The fear in Republican circles is that Gingrich may well be beyond the reach of the party establishment, having been set off by the attacks of a Romney affiliated super PAC against him Iowa. In short, it might be personal enough to Gingrich that reasoned conversations don’t work.

“If he had a chance of winning South Carolina I don’t think folks would begrudge him running attack ads on the front runner,” said one veteran Republican consultant of Gingrich’s tear down Romney threats. “But since it appears he doesn’t have any real chance of winning, it is pretty damning.”

If Gingrich does decide to push forward with his promised attacks — and his actions on the trail in South Carolina today suggest he may be rethinking that strategy — one Republican lobbyist said there may be only one course of action.

“Everyone that knows Newt, knows talking to him would be useless,” said the source. “But maybe people are trying to talk to [Sheldon] Adelson.”

Adelson is the Las Vegas casino magnate — best title ever? — who has pledged $5 million to Winning Our Future, a pro-Gingrich super PAC. The PAC has reserved $706,000 in ad time this week in the Palmetto State that begins today, according to buy information obtained by the Fix. (Restore Our Future, a Romney-aligned super PAC is slated to spend more than $1 million on ads in the state this week alone.)

The first South Carolina ad from Winning Our Future, which went on the airwaves in the state today, was a positive spot touting Gingrich’s conservative credentials.

Predicting what Gingrich will do next is a fool’s errand. (Make sure to read this terrific piece by the Post’s Amy Gardner on “nice Newt” and “nasty Newt”.) Remember that as recently as two weeks ago, he was promising to run an entirely positive campaign.
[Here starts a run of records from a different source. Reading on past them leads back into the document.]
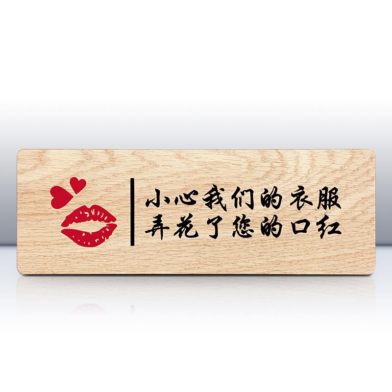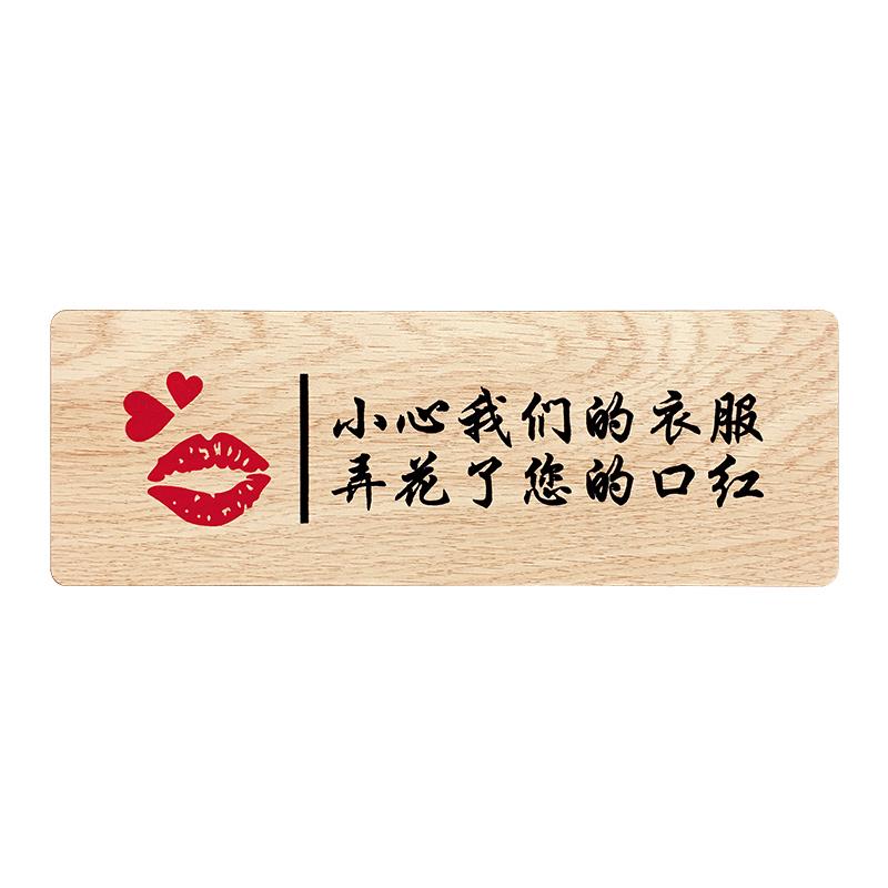 服装店铺试衣间标识牌小心我们的衣服弄花了您的口红温馨创意指示标志提示牌木质标牌男女更衣室洗手间定制
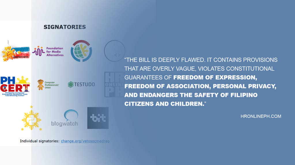 The intent and purpose of trying to eliminate illegal activities enabled by mobile phones, the Internet, or other electronic communication-aided crimes are noble. However, the bill is deeply flawed. It contains provisions that are overly vague, violate constitutional guarantees of freedom of expression, freedom of association, personal privacy, and endangers the safety of Filipino citizens and children.
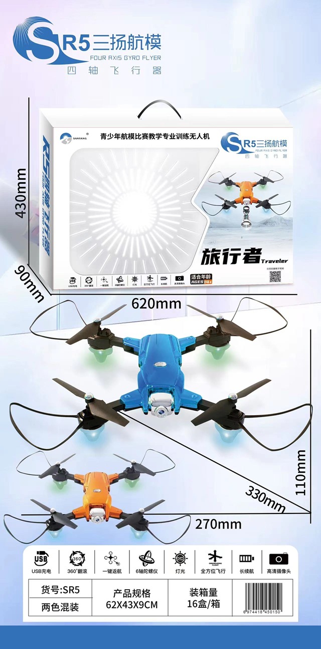 • SR5 광학 흐름 포지셔닝 + 전자적으로 조정 가능한 듀얼 카메라 드론(파란색과 주황색 혼합)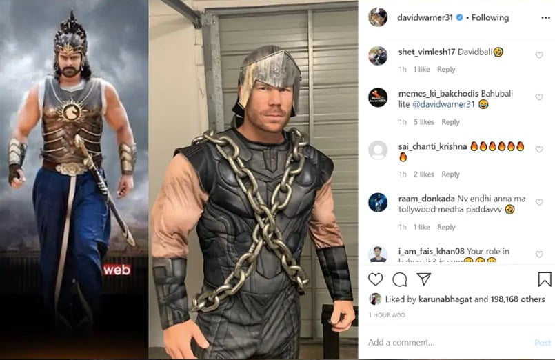 Captioning the post in Instagram, Warner said, “Who’s costume do you prefer? @baahubalimovie #bahubali #prabhas #funny #fun.”Soon after Warner posted the picture, fans flooded the comments section and one fan even called Warner “Davidbali”.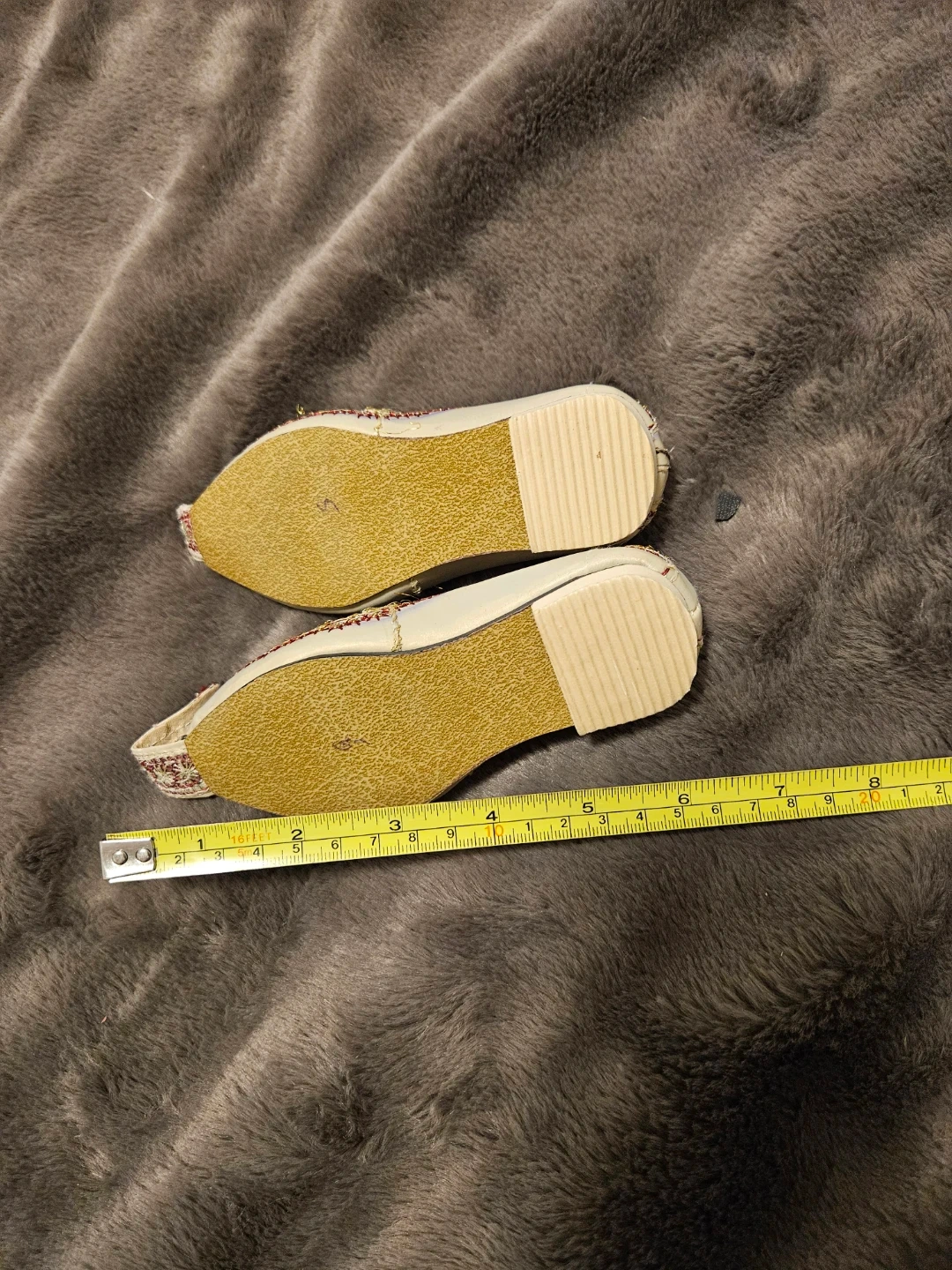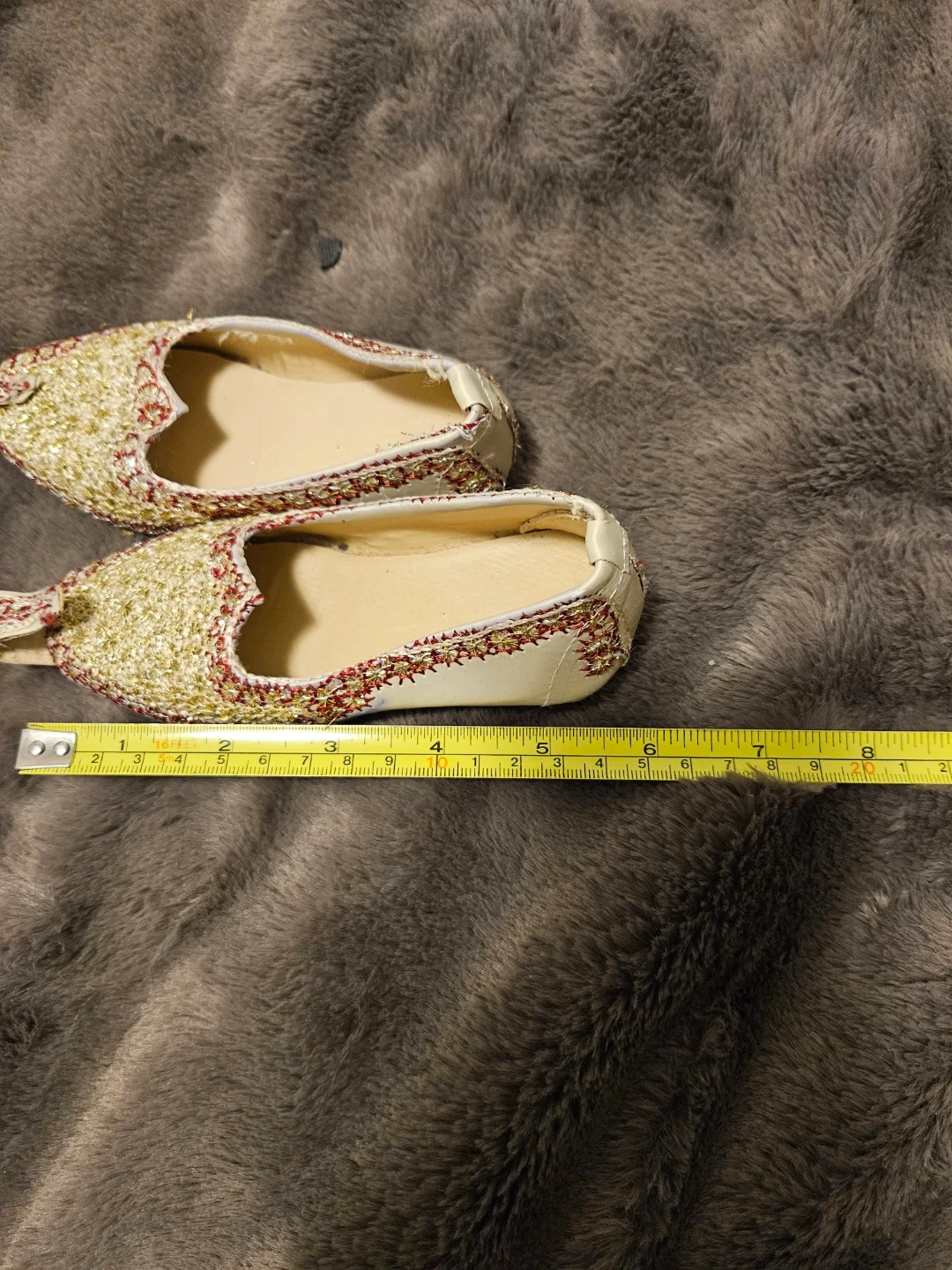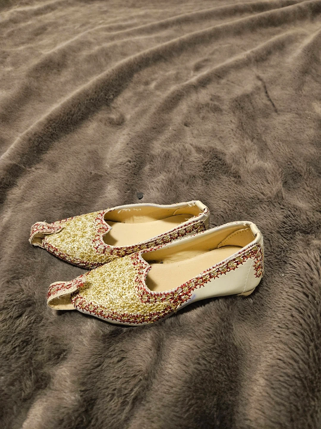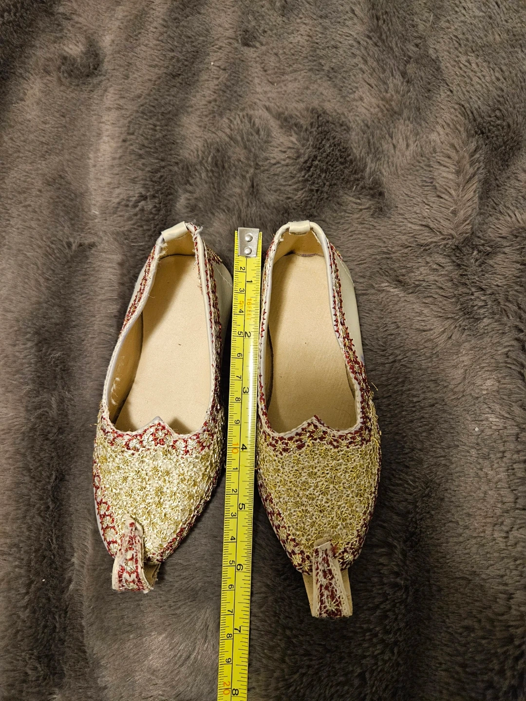 These unique shoes feature beautiful gold and red embellishments! Based on the photos, they appear to be approximately a size 8. Perfect for adding a touch of sparkle to any outfit

He then switched to promises of hard-hitting contrasts with Romney and now may have backed off of that strategic gambit.

But what Gingrich ultimately does decide to do could well have an impact on how bruised Romney emerges from South Carolina — remember the bloodbath in 2000 between George W. Bush and John McCain — and how this campaign and the Republican party will remember and regard Gingrich.